Sunday, August 31, 2008

This will work, This will work, This will work...

This mornings u/s & bw was another success. My E2 level is up to 895 (350 on Fri) and my follies are about 13mm. I go back in on Tuesday and at that time should find out when my retrieval will be. We are still on track for Thurs or Friday.

After such an easy time with the meds for the past few weeks I knew it was only a matter of time until I started feeling the effects and the time has come. I am achy all over, I have a dull, annoying headache that constantly travels with me, my ovaries hurt, I'm bloated, a little nauseous, I can cry at the drop of a hat, and the shots are getting tougher every night. We honestly have nowhere to put them that isn't bruised and the shots are getting more and more painful. It feels like a bee is stinging me on the inside when the medicine goes in. I'm not trying to be a downer and complain, just had to give a true account of what IVF feels like. I feel so lucky to have had such an easy time so far, the Lupron gave me no side effects and the stims have been somewhat easy so far. I knew I couldn't fly through it all with no discomfort. Only 2 or 3 more nights of the stims and then we are on to the next phase. Getting so close!

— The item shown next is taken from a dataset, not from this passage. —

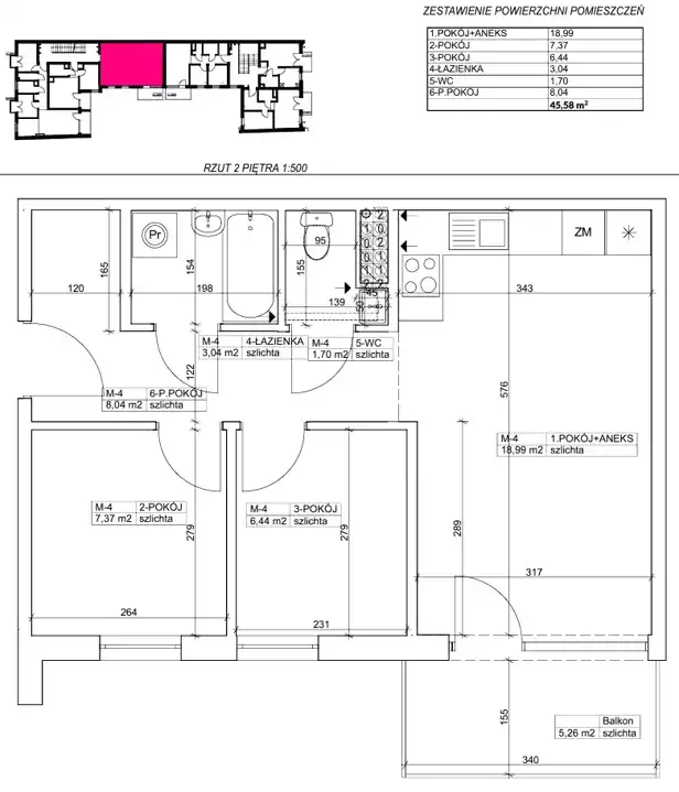 - Charakterystyka mieszkania 45.58 m2, 3 pokoje

I'm trying to keep my mental attitude in a good place. The negative thoughts constantly creep in and all I can do is continually try to push them out and replace them with positive ones...aka, "this will work, this will work, this will work." I'll let you know how it's working!

2 comments:

my hope my faith my love said...

Sorry you are brusing. That sucks, glad you ahve not had any side effects that were real bad. Can't wait to hear when your ER is.

The Brown Family said...

As I was reading your description of the discomfort and pain you're going through, the aching, bloating, emotions and head aches, it reminded me of my pregnancy. Even with a normal and healthy pregnancy and birth, it was really difficult and scary for me. I threw up, had headaches, horrible heart burn and back pain, and I was extremely emotional some times. There were days that I would run into the doctor's office just to hear her heart beat to make sure she was still alive. So if I went through that, I can only begin to imagine what you're going through right now. I can only begin to grasp what kind of torture your heart will go through until you finally have your baby(ies) in your arms. I want you to know that we pray for you often and are always thinking of you both. When you ask God for some thing, He wants you to do your best to make it happen, and have faith, then He will do the rest. You are doing more than you can to make this work, and I know that God will follow through on His part o the bargain. Just have faith! This will work, this will work, this will work.